Create detailed plots with:

evaluator.plot_evaluations()
Parameters:
  • adata (AnnData) – An already preprocessed annotated data matrix. Typically we use log normalised data.

  • celltype_key (Union[str, List[str]]) – The adata.obs key for cell type annotations. Provide a list of keys to calculate the according metrics on multiple keys.

  • results_dir (Optional[str]) – Directory where probeset results are saved. Defaults to ./probeset_evaluation/. Set to None if you don’t want to save results. When initializing the class we also check for existing results. Note if

  • scheme (str) –

    Defines which metrics are calculated

    • ’quick’ : knn, forest classification, marker correlation (if marker list given), gene correlation

    • ’full’ : nmi, knn, forest classification, marker correlation (if marker list given), gene correlation

    • ’custom’: define metrics of intereset in metrics

  • metrics (Optional[List[str]]) –

    Define which metrics are calculated. This is set automatically if scheme != "custom". Supported are:

    • ’cluster_similarity’

    • ’knn_overlap’

    • ’forest_clfs’

    • ’marker_corr’

    • ’gene_corr’

  • metrics_params (Dict[str, Dict]) –

    Provide parameters for the calculation of each metric. E.g.:

    metrics_params = {
        "nmi":{
            "ns": [5,20],
            "AUC_borders": [[7, 14], [15, 20]],
        }
    }
    

    This overwrites the arguments ns and AUC_borders of the nmi metric. See get_metric_default_parameters() for the default values of each metric

  • marker_list (Union[str, Dict[str, List[str]]]) – Dictionary containing celltypes as keys and the respective markers as a list as values.

  • reference_name (str) – Name of reference dataset. This is chosen automatically if None is given.

  • reference_dir (str) – Directory where reference results are saved. If None is given reference_dir is set to results_dir+'reference/'.

  • verbosity (int) – Verbosity level.

  • n_jobs (int) – Number of CPUs for multi processing computations. Set to -1 to use all available CPUs.

Attributes:
  • adata – An already preprocessed annotated data matrix. Typically we use log normalised data.

  • celltype_key – The adata.obs key for cell type annotations or list of keys.

  • dir – Directory where probeset results are saved.

  • scheme – Defines which metrics are calculated

  • marker_list – Celltypes and the respective markers.

  • metrics_params – Parameters for the calculation of each metric. Either default or user specified.

  • metrics – The metrics to be calculated. Either custom or defined according to scheme.

  • ref_name – Name of reference dataset.

  • ref_dir – Directory where reference results are saved.

  • verbosity – Verbosity level.

  • n_jobs – Number of CPUs for multi processing computations. Set to -1 to use all available CPUs. Verbosity level.

  • shared_results – Results of shared metric computations.

  • pre_results – Results of metric pre computations.

  • results – Results of probe set specific metric computations.

  • summary_results – Table of summary statistics.

Methods

compute_or_load_shared_results()

Compute results that are potentially reused for evaluations of different probesets.

evaluate_probeset(genes[, set_id, ...])

Compute probe set specific evaluations.

evaluate_probeset_pipeline(genes, set_id, ...)

Pipeline specific adaption of evaluate_probeset.

load_results([directories, reference_dir, ...])

Load existing results from files of one or multiple evaluation output directories

pipeline_summary_statistics(result_files, ...)

Adaptation of the function summary_statistics for the spapros-pipeline.

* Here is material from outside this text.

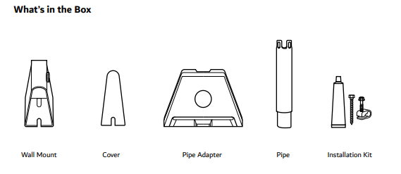 - The box includes the wall mount, cover, pipe adapter, pipe, install kit, and user manual.

plot_cluster_similarity([set_ids, ...])

Plot cluster similarity as NMI over number of clusters

plot_coexpression([set_ids])

Plot heatmaps of gene correlation matrices

plot_confusion_matrix([set_ids])

Plot heatmaps of cell type classification confusion matrices

plot_evaluations([set_ids, metrics, show, ...])

Plot detailed results plots for specified metrics.

plot_knn_overlap([set_ids, selections_info])

Plot mean knn overlap over k

plot_marker_corr(**kwargs)

Plot maximal correlations with marker genes

plot_summary([set_ids])

Plot heatmap of summary metrics

summary_statistics(set_ids)

Compute summary statistics and update summary csv.